The idea with this is that you draw the samples separately from the distribution for each variable, and then use the Iman & Connover approach to make the samples (as close) to the target correlations as possible.
That is a FAQ. Here is one answer using a recommended package:
R> library(MASS)
R> example(mvrnorm)
mvrnrmR> Sigma <- matrix(c(10,3,3,2),2,2)
mvrnrmR> Sigma
[,1] [,2]
[1,] 10 3
[2,] 3 2
mvrnrmR> var(mvrnorm(n=1000, rep(0, 2), Sigma))
[,1] [,2]
[1,] 8.82287 2.63987
[2,] 2.63987 1.93637
mvrnrmR> var(mvrnorm(n=1000, rep(0, 2), Sigma, empirical = TRUE))
[,1] [,2]
[1,] 10 3
[2,] 3 2
R>
Switching between correlation and covariance is straightforward (hint: outer product of vector of standard deviations).
This question was not tagged as python, but based on your comment it looks like you might be looking for a Python solution as well.
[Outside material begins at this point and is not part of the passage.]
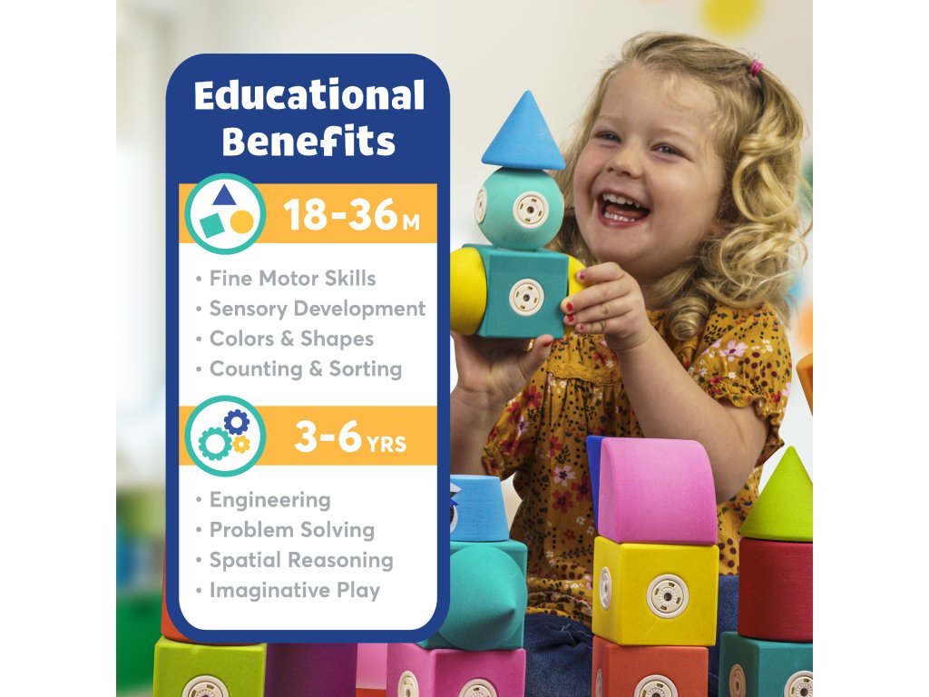Mäkká magnetická stavebnica Robot 10 ksMagnetická stavebnica pre najmenšie detiPenová stavebnica Blockaroo Robot 10 ks je skvelou prvou stavebnicou pre batoľatá od 18 mesiacov. Jednotlivé dieliky sú vyrobené z mäkkého, penového, netoxického materiálu s ultra bezpečným magnetickým systémom. Magnety nevypadávajú a neodpudzujú sa. Všetky dieliky stavebnice sú kompatibilné a deti si z nich môžu stavať nielen robota, ale aj svoje vlastné stavby. Blockaroo nevadí ani voda a je tak skvelou hračkou do vane.Vzdelávacie stavebnice na doma aj do vaneMagnetická stavebnica Blockaroo Robot bola vyvinutá učiteľmi a je tak jedinečnou STEM hračkou pre najmenšie deti. Batoľatá si s ňou rozvíja jemnú motoriku, zmyslové vnímanie, koordináciu ruka-oko aj kreativitu. Učia sa farby tvary, počítať a triediť, zlepšujú si svoje priestorové vnímanie. Blockaroo je skvelá ako originálny darček pre deti. V prípade znečistenia ju ľahko umyjete v hornej zásuvke v umývačke riadu.Dodatočné parametre
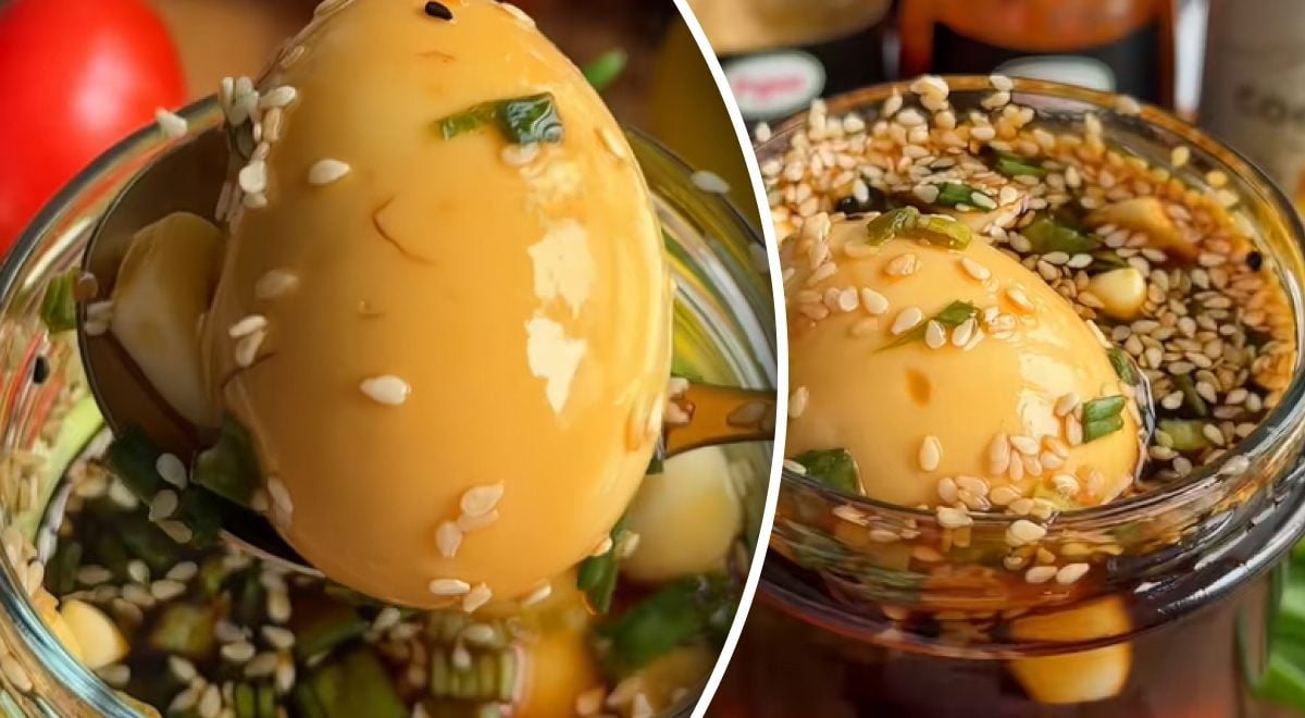 Mescolare in un barattolo cipolle verdi tritate finemente, salsa di soia, acq aglio, sesamo e salsa piccante. Mettete quindi le uova nella marinata, chiudete il barattolo e mettetelo in frigorifero per 6 ore.

The most basic Python implementation of Iman Convover, that I can concoct looks like the following in Python (actually numpy):
def makeCorrelated( y, corMatrix ):
c = multivariate_normal(zeros(size( y, 0 ) ) , corMatrix, size( y, 1 ) )
key = argsort( argsort(c, axis=0), axis=0 ).T
out = map(take, map(sort, y), key)
out = array(out)
return out
where y is an array of samples from the marginal distributions and corMatrix is a positive semi definite, symmetric correlation matrix. Given that this function uses multivariate_normal() for the c matrix, you can tell this uses an implied Gaussian Copula. To use different copula structures you'll need to use different drivers for the c matrix.